Hypothesis 3: Credit Score and Default Status
T-statistic: -5.496275417455252, P-value: 3.916834058584063e-08
Reject the Null Hypothesis: There is a significant difference in Credit Score between the two groups.


### 4. Null Hypothesis - There is no significant difference in Months Employed between the two default groups.

In [49]:
default_group = df[df['defaulter'] == 1]['months_employed']
no_default_group = df[df['defaulter'] == 0]['months_employed']

In [51]:
t_stat, p_value = stats.ttest_ind(default_group, no_default_group)

In [53]:
print("Hypothesis 4: Months Employed and Default Status")
print(f"T-statistic: {t_stat}, P-value: {p_value}")
if p_value < 0.05:
    print("Reject the Null Hypothesis: There is a significant difference in Months Employed between the two groups.")
else:
    print("Fail to Reject the Null Hypothesis: There is no significant difference in Months Employed between the two groups.")

Hypothesis 4: Months Employed and Default Status
T-statistic: -16.153670819881178, P-value: 2.1150902025915106e-58
Reject the Null Hypothesis: There is a significant difference in Months Employed between the two groups.


### 5. Null Hypothesis - There is no significant difference in Loan amount between the two default groups

In [56]:
default_group = df[df['defaulter'] == 1]['loan_amount']
no_default_group = df[df['defaulter'] == 0]['loan_amount']

In [58]:
t_stat, p_value = stats.ttest_ind(default_group, no_default_group)

In [60]:
print("Hypothesis 5: Loan Amount and Default Status")
print(f"T-statistic: {t_stat}, P-value: {p_value}")
if p_value < 0.05:
    print("Reject the Null Hypothesis: There is a significant difference in Loan Amount between the two groups.")
else:
    print("Fail to Reject the Null Hypothesis: There is no significant difference in Loan Amount between the two groups.")

Hypothesis 5: Loan Amount and Default Status
T-statistic: 15.091082597204297, P-value: 3.1183675041166574e-51
Reject the Null Hypothesis: There is a significant difference in Loan Amount between the two groups.

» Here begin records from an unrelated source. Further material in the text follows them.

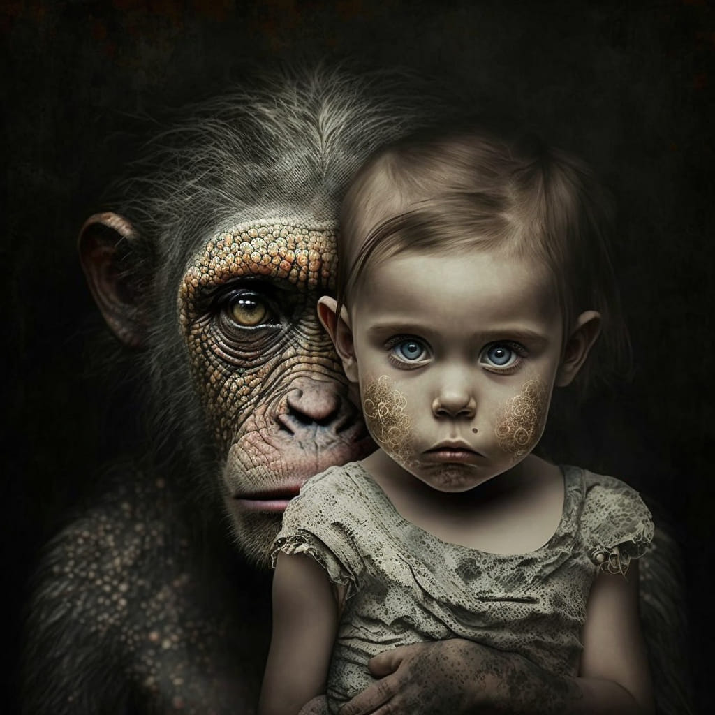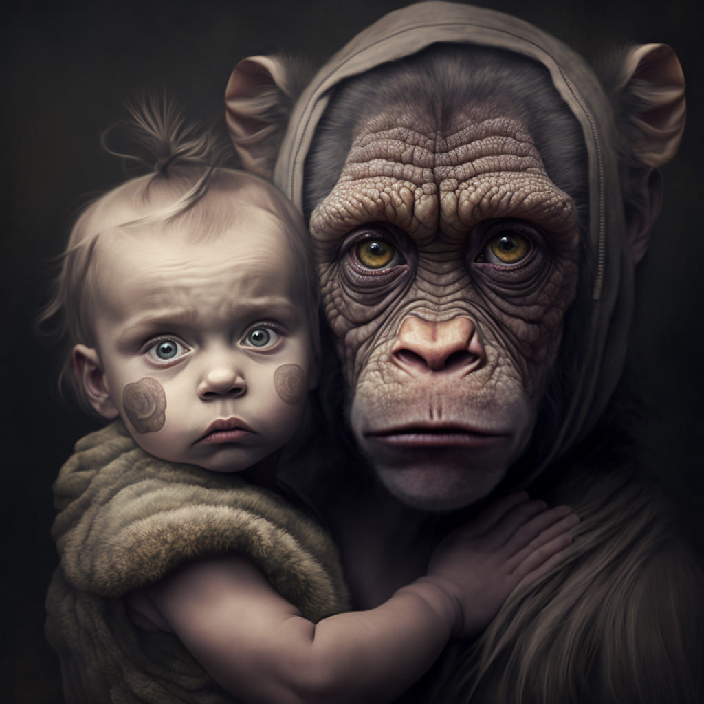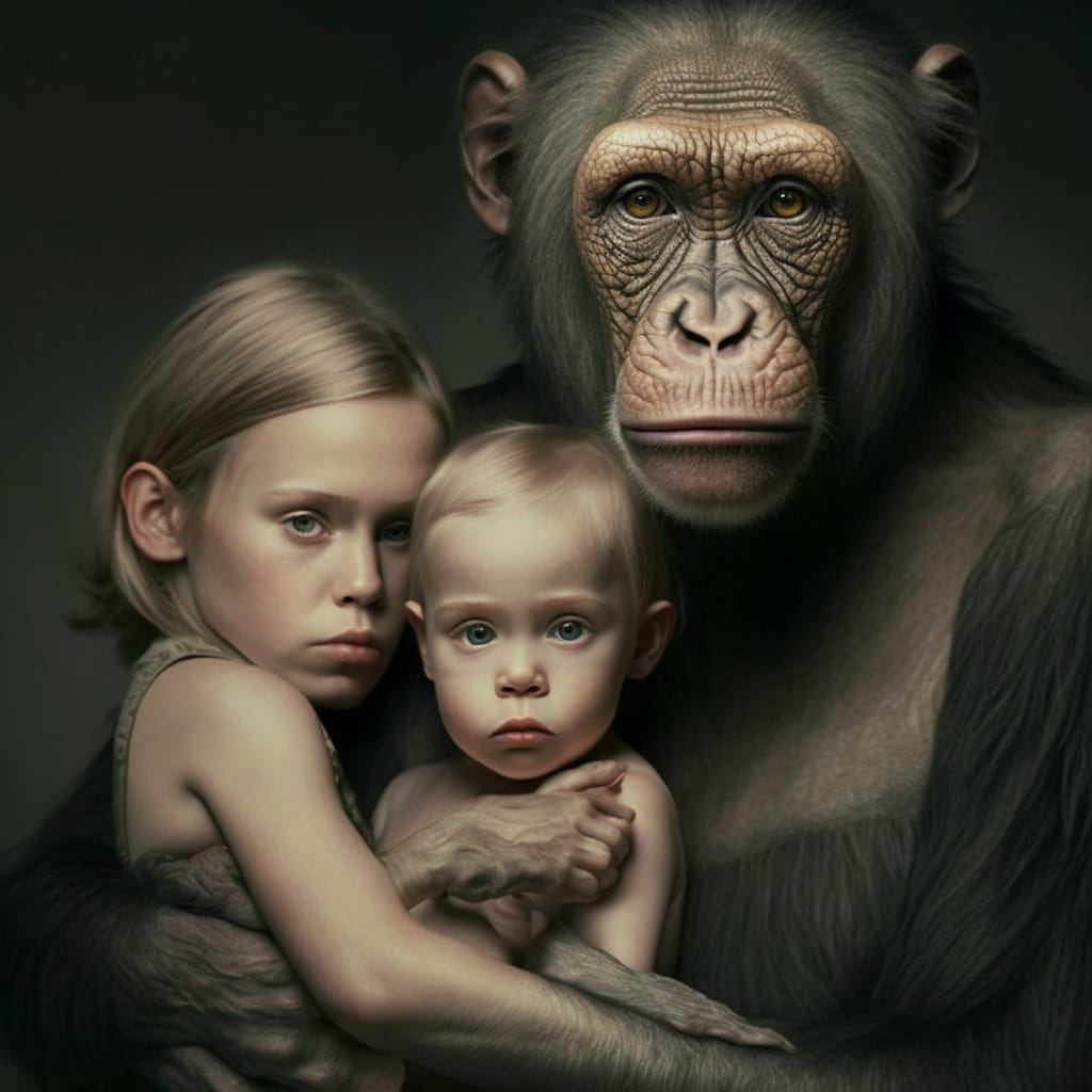 Så dere vet hvordan Vi har snakket om at på ett tidspunkt kommer den menneskelige sjelen til å bli tatt fra de som ikke fortjener noe slikt som en menneskelig sjel? Denne dagen kryper nærmere og nærmere. Vi kaller dagen for ‘the day of Equilibrium’, når Vi snakker om den. Det er dagen når det går opp for de sinnslidelsene som har styrt historiens gang frem til nå, at jeg er alt annet enn sinnslidende. Vil dere forresten vite hva jeg ba Kunstig Intelligens illustrere for meg, i denne bildeserien? Jeg skrev ganske enkelt: “Mommy why are humans becoming animals now?”. Og disse fire bildene var resultatet. Vil dere se en annen AI-kunstartikkel? Du kan se fortellingen om hvordan ‘Min Kake er laget av terror og lidelse’ Her. Og bare for å avbryte deg i tankerekken din… Ja, jeg vet hvor vondt – ja, fysisk smertefullt – det er for deg å klikke på en link. Men så var det nettopp slike følelser man måtte vinne over, for å unngå å ‘become an animal’ (bli et dyr). Hvorfor ble menneskeheten utryddet? Svaret er: Det var ingen som husket hvordan man klikket på en link. Men om du fortsatt har det som skal til for å klikke på en link, vil jeg anbefale deg å klikke Her. Den er viktig!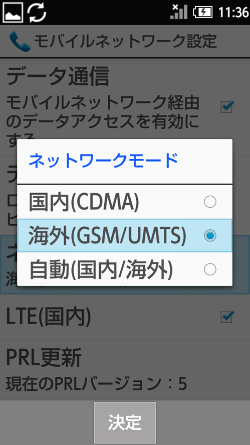 ネットワークモードが「国内(CDMA)」または「自動(国内/海外)」になっているかご確認ください。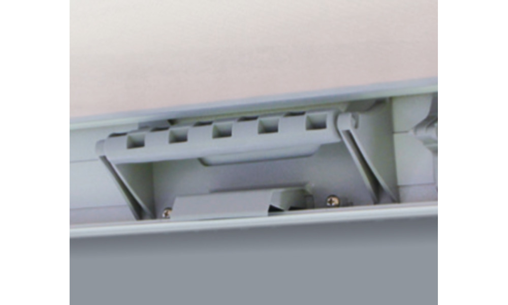 Mit doppelter Kederschiene in der Frontblende. Größe des Markisengehäuses 8,5 x 13,6 cm.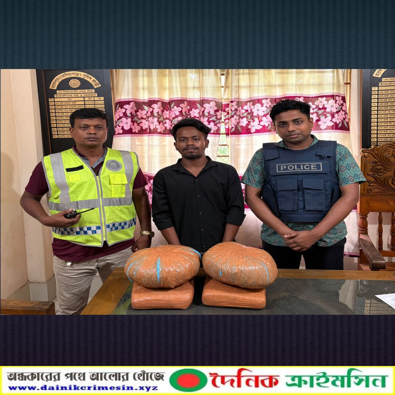 চেকপোস্ট চলাকালীন সন্দেহভাজন হিসেবে নয়ন মণ্ডল নামে এক ব্যক্তিকে আটক করা হয়। তার কাঁধে ঝুলানো ব্যাগ তল্লাশি করে ৮ কেজি গাঁজা উদ্ধার করা হয়।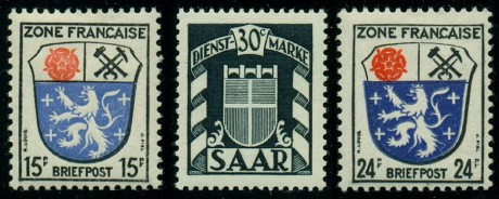 ostatní známky v sérii Rheinland, Pfalz, Württemberg a Baden jsou zemské znaky. měl být vyobrazen znak Sárska jako je na známce uprostřed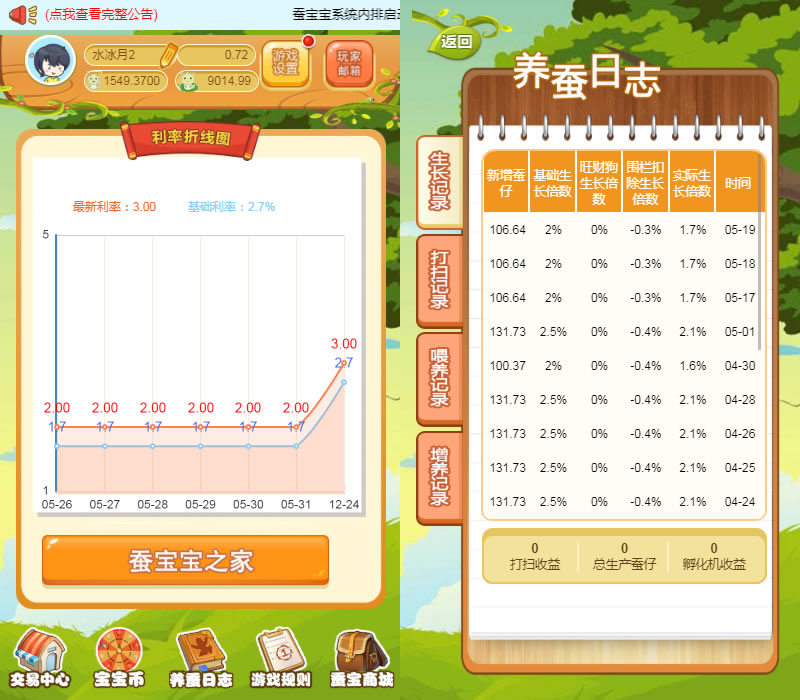 运营版蚕宝宝复利养殖理财游戏带金豆带宝宝币内置虚拟币系统农场牧场游戏源码330游戏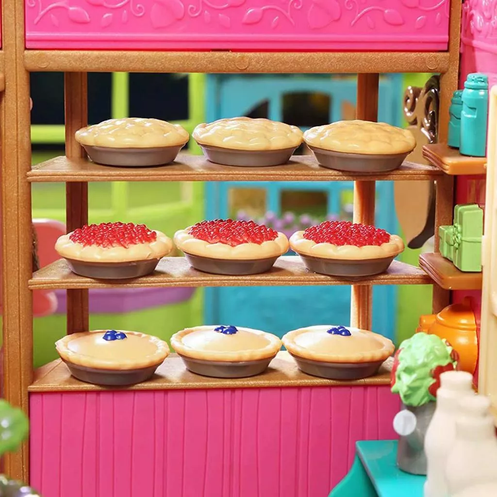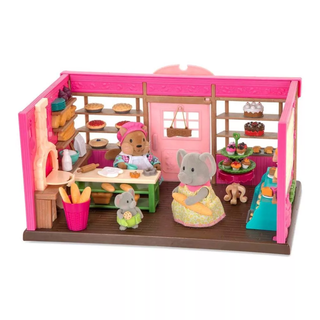 Игровой набор "Пекарня" от Li'l Woodzeez состоит из 69 предметов, представляет собой увлекательную игрушку, сделан в виде домика, в котором все приспособлено для того, чтобы печь и продавать хлеб, булочки, пирожные, тортики. В качестве пекарей к этому прекрасному игровому набору подойдут любые фигурки коллекции милых зверушек Lil Woodzeez.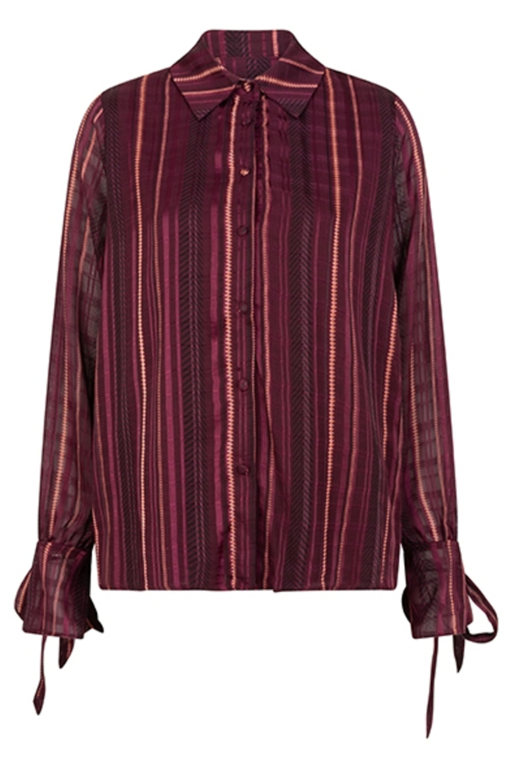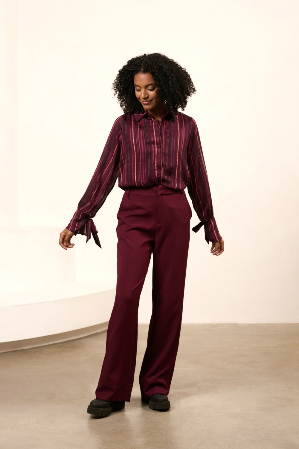 Deze elegante damesblouse van Lofty Manner is een veelzijdige keuze voor elke casual gelegenheid. De blouse kenmerkt zich door een uniek folk print patroon in diep bordeaux dat perfect samenvalt met het winterseizoen. Gemaakt van 100% polyester, biedt het een comfortabele en lichte draagervaring. De regular fit pasvorm zorgt voor een flatterende look, terwijl de knoopsluiting en puntkraag een klassieke uitstraling geven. Opvallend zijn de lange mouwen met verrassende strikdetails, die een speelse twist aan het geheel geven.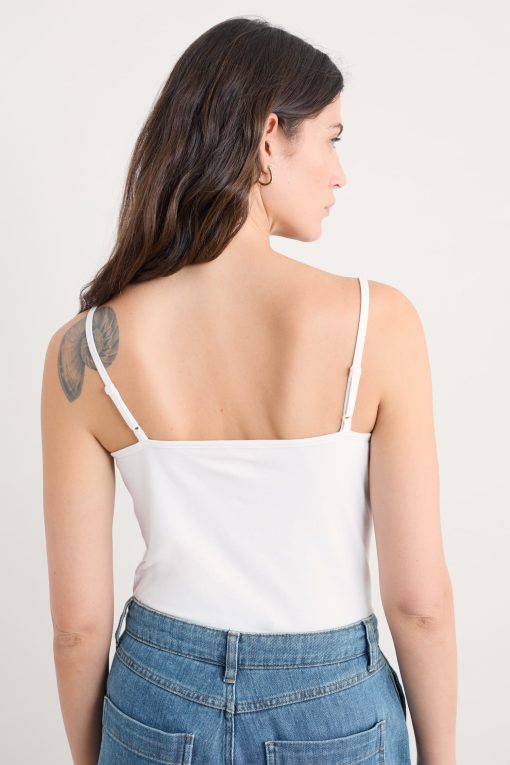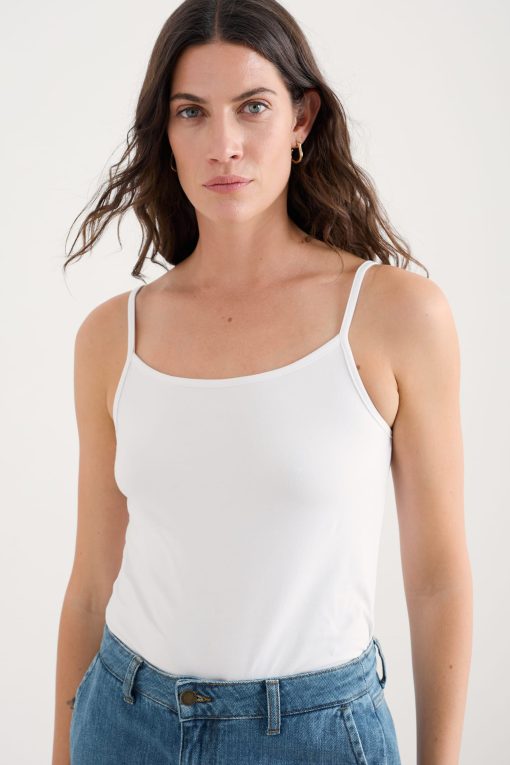 A simple layering essential, made with care and attention to detail. The Salt Pond has a round neck with adjustable spaghetti straps in a soft, stretch jersey. Perfect for layering, or styling on its own.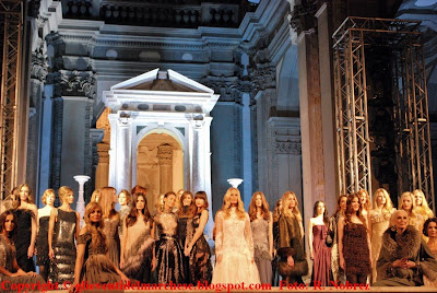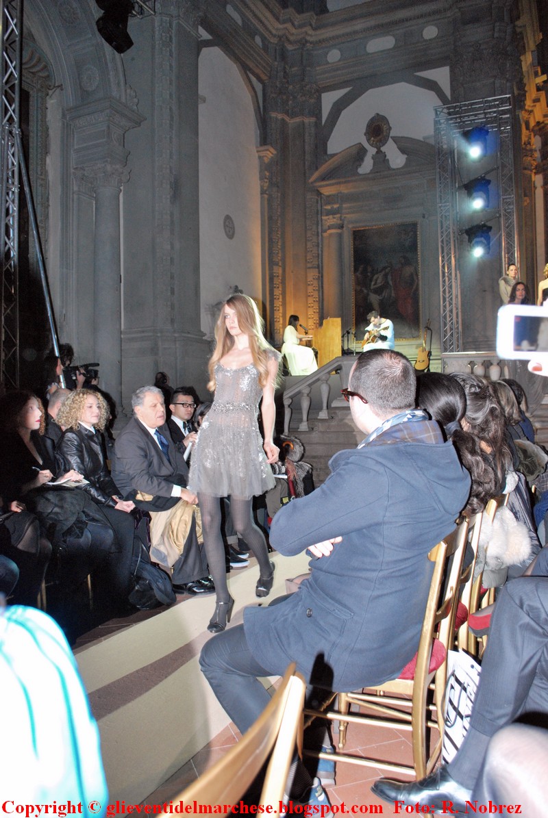Una alla volta sono scese dalla suggestiva scalinata con balaustra marmorea, capolavoro del Buontalenti, per sfilare davanti ad un pubblico estasiato, per poi risalire nuovamente le scale dalla parte opposta e posizionarsi nuovamente sull’altare. La scena finale: 30 donne vestite con estrema eleganza formavano un quadro unico di grande bellezza tale da essere un unicum con le opere d’arte poste alle pareti della chiesa (all’interno si conserva anche una Madonna in Trono di Giotto, San Giuliano di Masolino).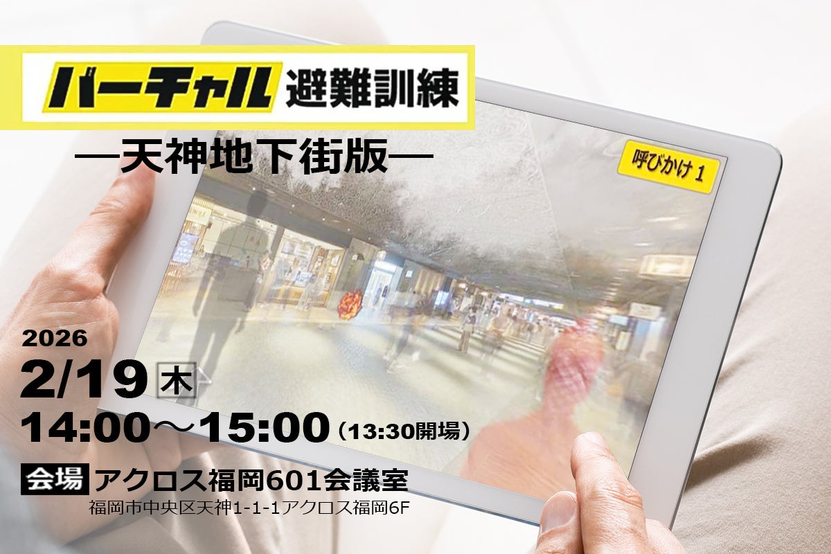 福岡市都心部の街づくりを推進する「We Love 天神協議会(WLT)」、「天神明治通り街づくり協議会(MDC)」、「博多まちづくり推進協議会(博多まち協)」、福岡地域戦略推進協議会(FDC)、福岡市市民局および福岡地下街開発株式会社、株式会社ジオクリエイツ、株式会社日建設計、公益財団法人九州先端科学技術研究所(ISIT)が連携し、福岡都心エリアの防災力の強化を目的とした 『バーチャル避難訓練-天神地下街版-』 を2026 年2 月19 日(木)に実施します。

### 6. Null Hypothesis - There is no significant difference in Interest Rate between the two default groups

In [63]:
default_group = df[df['defaulter'] == 1]['interest_rate']
no_default_group = df[df['defaulter'] == 0]['interest_rate']

In [65]:
t_stat, p_value = stats.ttest_ind(default_group, no_default_group)

In [67]:
print("Hypothesis 6: Number of Interest Rate and Default Status")
print(f"T-statistic: {t_stat}, P-value: {p_value}")
if p_value < 0.05:
    print("Reject the Null Hypothesis: There is a significant difference in Interest Rate between the two groups.")
else:
    print("Fail to Reject the Null Hypothesis: There is no significant difference in Interest Rate between the two groups.")

Hypothesis 6: Number of Interest Rate and Default Status
T-statistic: 20.7553817388394, P-value: 6.92501174334232e-95
Reject the Null Hypothesis: There is a significant difference in Interest Rate between the two groups.